§ **WORK INSTRUCTION**:
The pictures stay out. Please retype every line below exactly.

§ **DATA SECTION**:
________

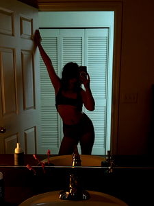 This image captures a candid moment of the acclaimed OnlyFans model Sasha June, posing in her signature lingerie. Her radiant smile and playful pose suggest a sense of comfort and confidence that reflects her popularity on the platform. Her attire, combined with the setting, paints an intimate portrait of this Oregon-based model. ย
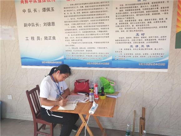 7月14日,两鲜中队的中队部附近突发险情,险情处理完后,尽管有专人值守,王脱险仍不放心,经常到出险处查看,时刻关注动态,以防险情再次发生后出现处理不及时的情况。防汛抗灾现在是泗湖山的头等大事,村里仍有一些工作必须兼顾,王脱险便利用空余时间,能用手机完成的就在手机上完成,必须电脑操作的就等晚上下班再骑着摩托到村部去做。每天回到家已是满身疲惫,但王脱险从未抱怨过,甚至把村里安排她值白班不值晚班当成对她的“照顾”。工作时间长了,自然无暇顾及到家庭,王脱险的儿子现在正放暑假,也被她“丢”到了外婆家照顾,当问到家人是否对她有抱怨的时候,王脱险自豪地说:“那不会嘞,我家人也要防汛,我老公、我姐夫还有我爸爸他们今年也全都参与了防汛,只要村里需要,一个电话就可以喊他们上阵。”村里的干部陆正良提起她也是连连夸赞:“王脱险是个责任心非常强的同志,也特别能吃苦,从没把自己当成需要照顾的女同志看待,这次防汛工作做得相当不错。”
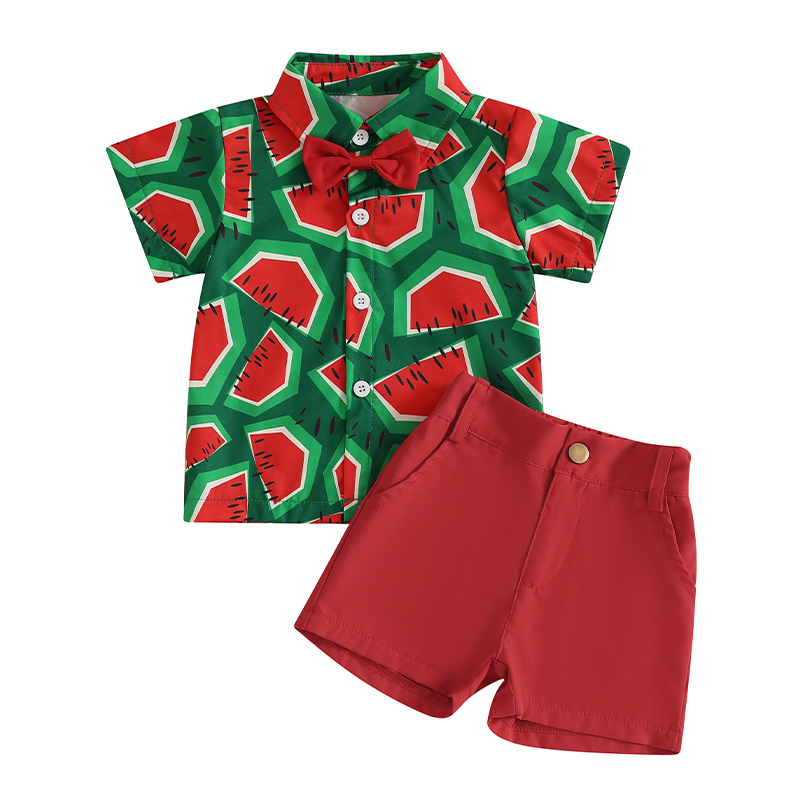 Brighten up your toddler’s summer wardrobe with this irresistibly cute two-piece outfit featuring a vibrant watermelon print. This short-sleeve button-down shirt and matching shorts set is designed to keep your baby boy cool, comfy, and looking adorable on those warm sunny days. With its fresh colors and playful design, this outfit is perfect for everything from playdates to picnics, beach days, or casual outings with family.
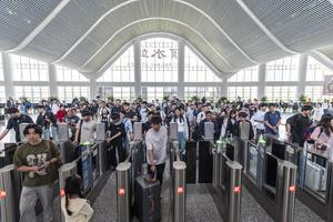 (250429) -- BEIJING, 29 abril, 2025 (Xinhua) -- Pasajeros se registran en la Estación de Ferrocarril de Lishui, en la...

________

§ **SOLUTION TO THIS PROBLEM**:
 This image captures a candid moment of the acclaimed OnlyFans model Sasha June, posing in her signature lingerie. Her radiant smile and playful pose suggest a sense of comfort and confidence that reflects her popularity on the platform. Her attire, combined with the setting, paints an intimate portrait of this Oregon-based model. ย
 7月14日,两鲜中队的中队部附近突发险情,险情处理完后,尽管有专人值守,王脱险仍不放心,经常到出险处查看,时刻关注动态,以防险情再次发生后出现处理不及时的情况。防汛抗灾现在是泗湖山的头等大事,村里仍有一些工作必须兼顾,王脱险便利用空余时间,能用手机完成的就在手机上完成,必须电脑操作的就等晚上下班再骑着摩托到村部去做。每天回到家已是满身疲惫,但王脱险从未抱怨过,甚至把村里安排她值白班不值晚班当成对她的“照顾”。工作时间长了,自然无暇顾及到家庭,王脱险的儿子现在正放暑假,也被她“丢”到了外婆家照顾,当问到家人是否对她有抱怨的时候,王脱险自豪地说:“那不会嘞,我家人也要防汛,我老公、我姐夫还有我爸爸他们今年也全都参与了防汛,只要村里需要,一个电话就可以喊他们上阵。”村里的干部陆正良提起她也是连连夸赞:“王脱险是个责任心非常强的同志,也特别能吃苦,从没把自己当成需要照顾的女同志看待,这次防汛工作做得相当不错。”
 Brighten up your toddler’s summer wardrobe with this irresistibly cute two-piece outfit featuring a vibrant watermelon print. This short-sleeve button-down shirt and matching shorts set is designed to keep your baby boy cool, comfy, and looking adorable on those warm sunny days. With its fresh colors and playful design, this outfit is perfect for everything from playdates to picnics, beach days, or casual outings with family.
 (250429) -- BEIJING, 29 abril, 2025 (Xinhua) -- Pasajeros se registran en la Estación de Ferrocarril de Lishui, en la...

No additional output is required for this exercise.